FIG. 6 depicts a flowchart illustrating a process for rating credit risk at a given timestep in accordance with an illustrative embodiment. The process 600 can be implemented in hardware, software, or both. When implemented in software, the process can take the form of program code that is run by one of more processors located in one or more hardware devices in one or more computer systems. Process 600 might be implemented in quantum rating system 200 shown in FIG. 2 .
Process 600 begins by calculating a number of credit risk factors associated with a financial instrument (step 602). The credit risk factors may include, e.g., country risk, industry risk, competitive position of the company relative to other companies, and leverage.
Each credit risk factor calculated iteratively (e.g., 1000 times) at a first timestep as a discrete probabilistic wave function representing a superposition state of scores.
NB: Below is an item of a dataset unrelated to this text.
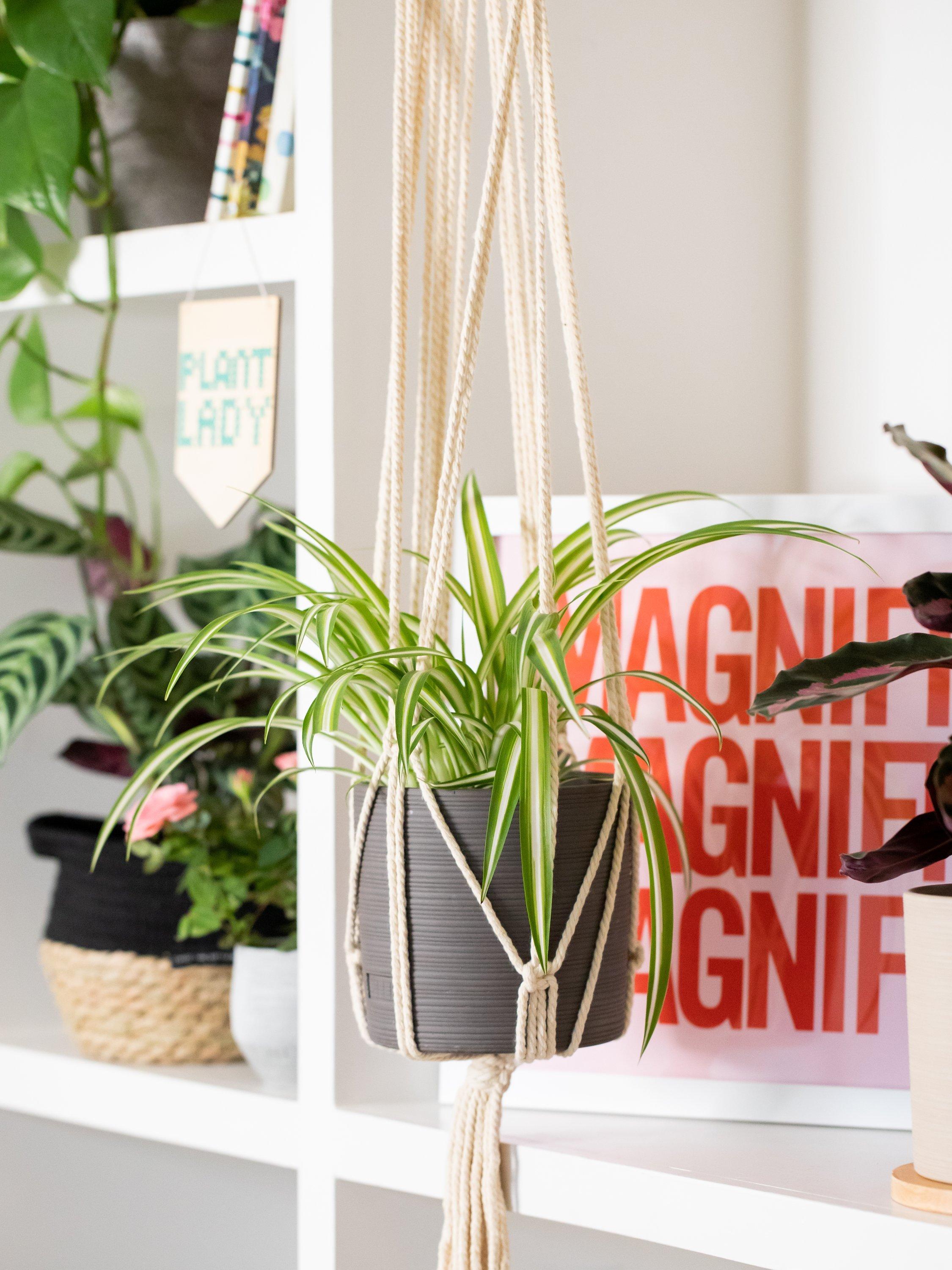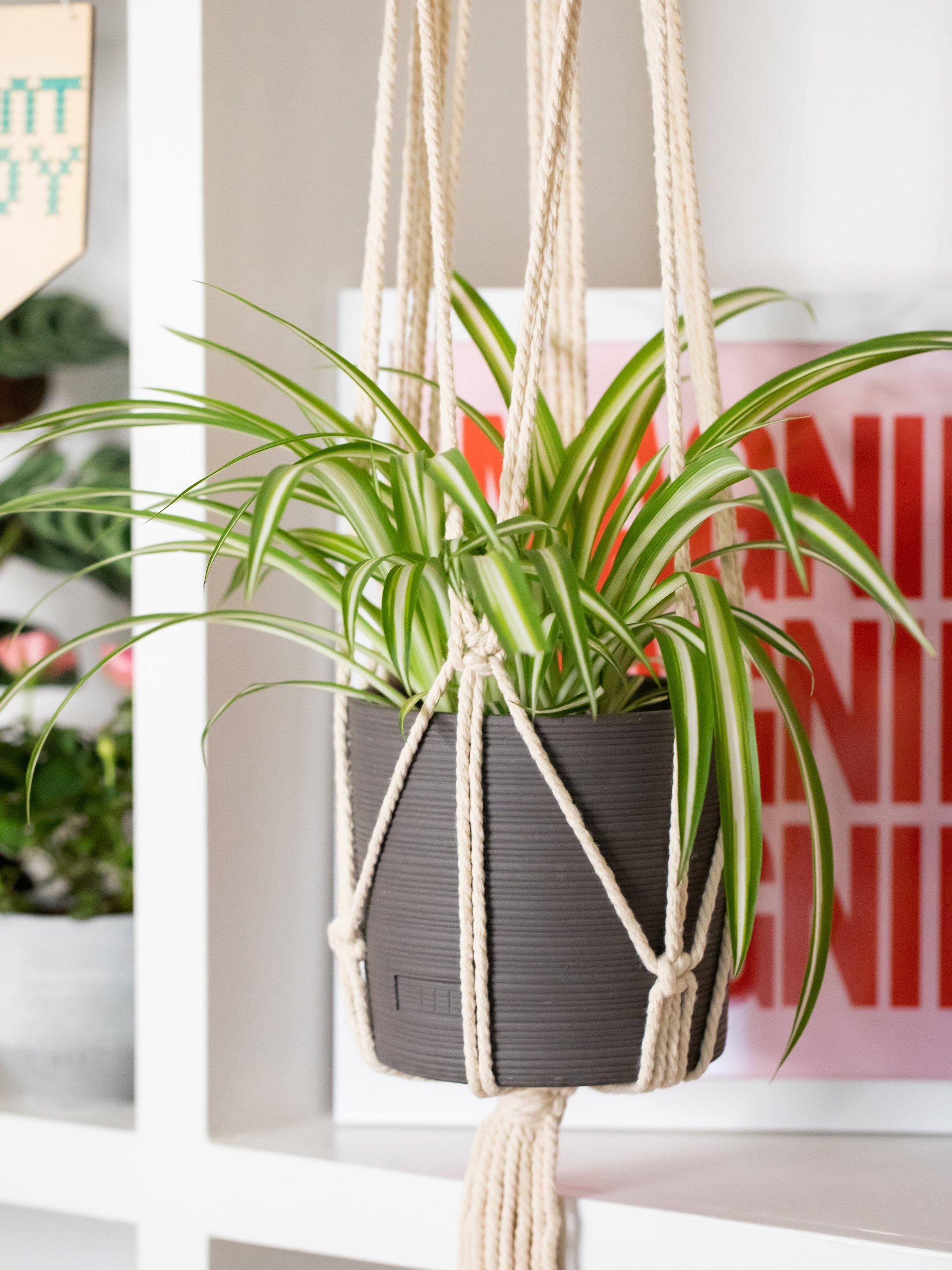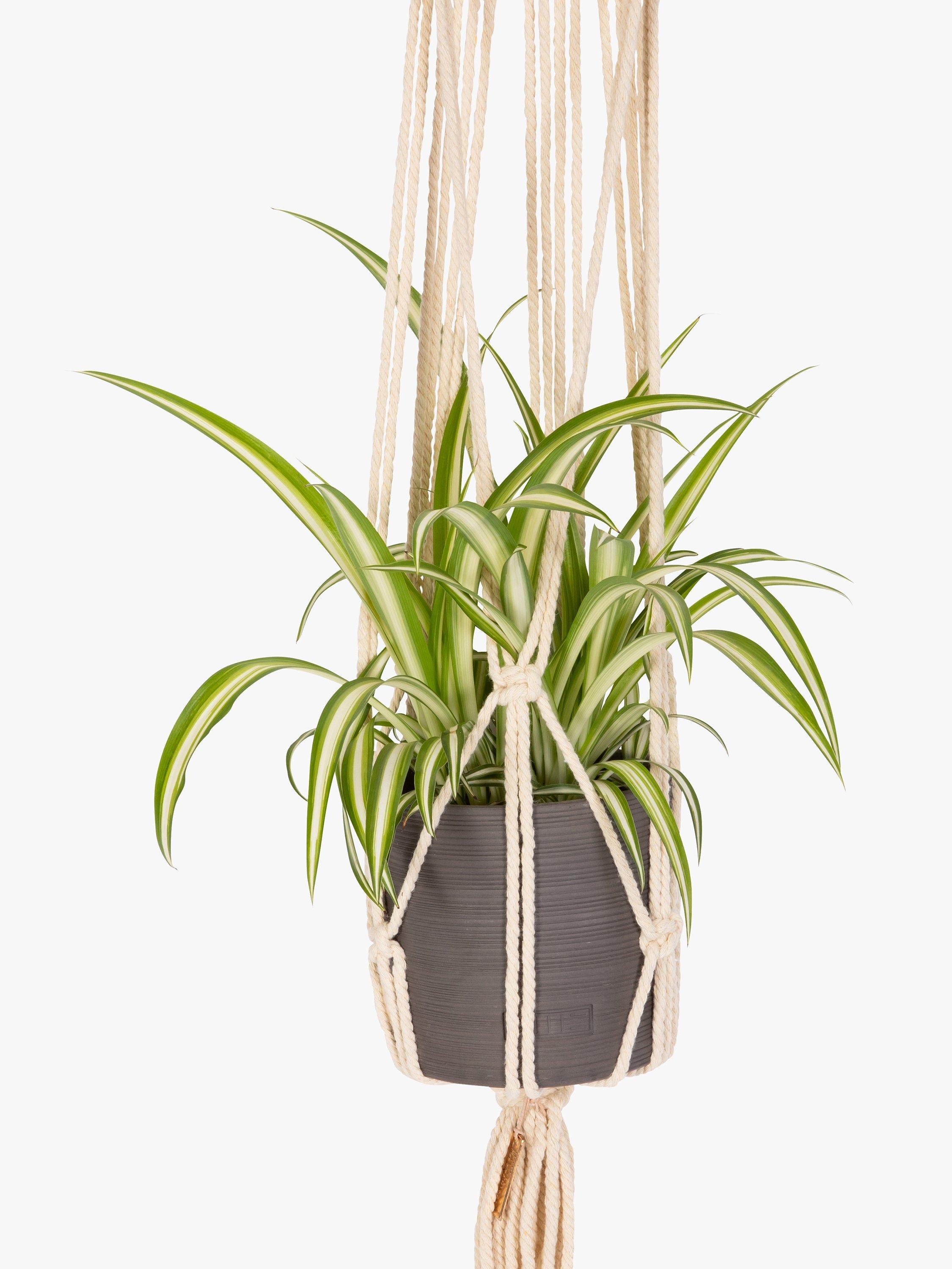 This gorgeous natural macrame hanger with Spider plant is a ready-made plant hanging solution. This set includes all you need to create that sought-after jungle look, now you just need to find the space to hang this trailing beauty.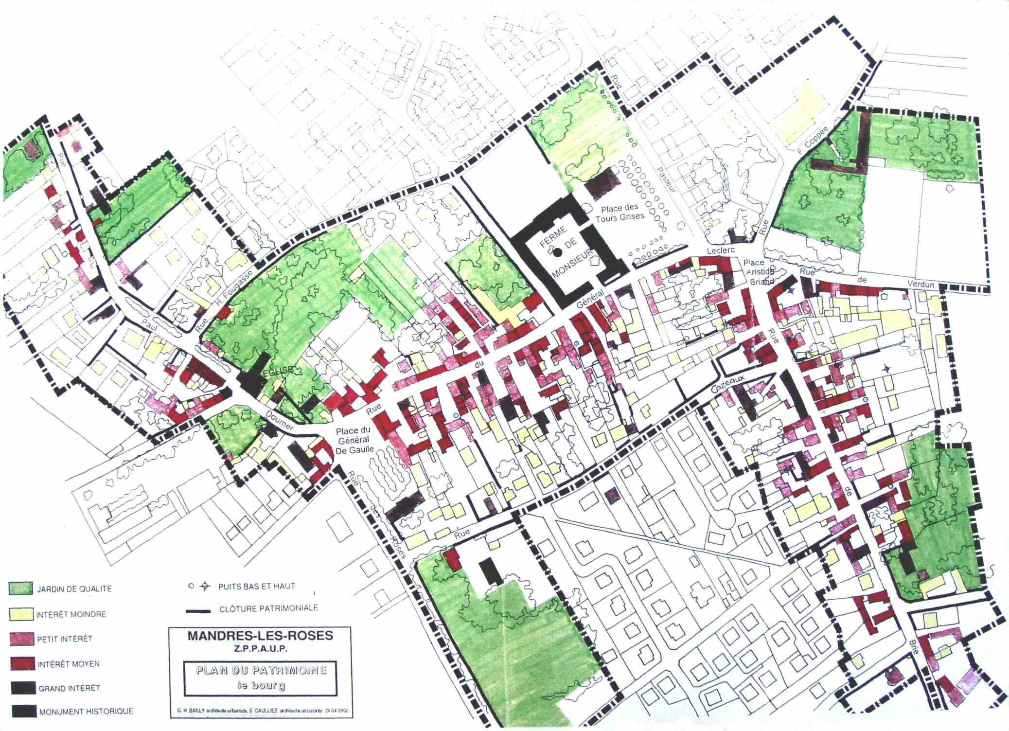 G.H. Bailly, Architecte Urbaniste & S. Caulliez, Architecte-Assistante Recensement sous forme de plan des éléments du patrimoine de Mandres, le Bourg-Centre. 22 avril 2005 - Arrêté Préfectoral Le projet de Zone de protection du patrimoine architectural, urbain et paysager (Z.P.P.A.U.P.) demandé par Monsieur le Préfet de la Région d’Ilede-France de créer ladite Zone sur le territoire de Mandres les Roses. Le règlement de la Z.P.P.A.U.P. se substitue au périmètre des 500 mètres de protection autour de la Ferme de Monsieur. Règlement d'Urbanisme | |||

At the beginning of the projected time period comprising the first and subsequent timesteps, the credit risk factors may be set with an initial probabilistic distribution that is uniform, Gaussian, or delta. Each discrete probabilistic wave function comprises a comparison of volatility versus stability over time. The volatility of each credit risk factor corresponds to the kinetic energy of a specific Hamiltonian corresponding to the credit risk factor.
Process 600 measures the discrete probabilistic wave function of each credit risk factor after each calculation iteration for the first timestep (step 604). Each measurement causes collapse of the credit risk factor's superposition state, resulting in a deterministic score. The discrete probabilistic wave function of each credit risk factor is the aggregation of probabilistic distribution of the repeatedly measured score at the first timestep.
Process 600 may optionally display the discrete probabilistic wave function of each credit risk factor in a user interface (step 606).
The probabilistic wave functions of the credit risk factors are linearly combined to calculate a discrete probabilistic wave function for a final credit rating of the financial instrument for the first timestep (step 608).
The discrete probabilistic wave function of the final credit rating for the first timestep is then displayed in a user interface (step 610). The final credit rating may be represented as a shifting probability distribution over time within a credit rating schema, wherein the credit rating schema is represented by states of a number of assigned qubits.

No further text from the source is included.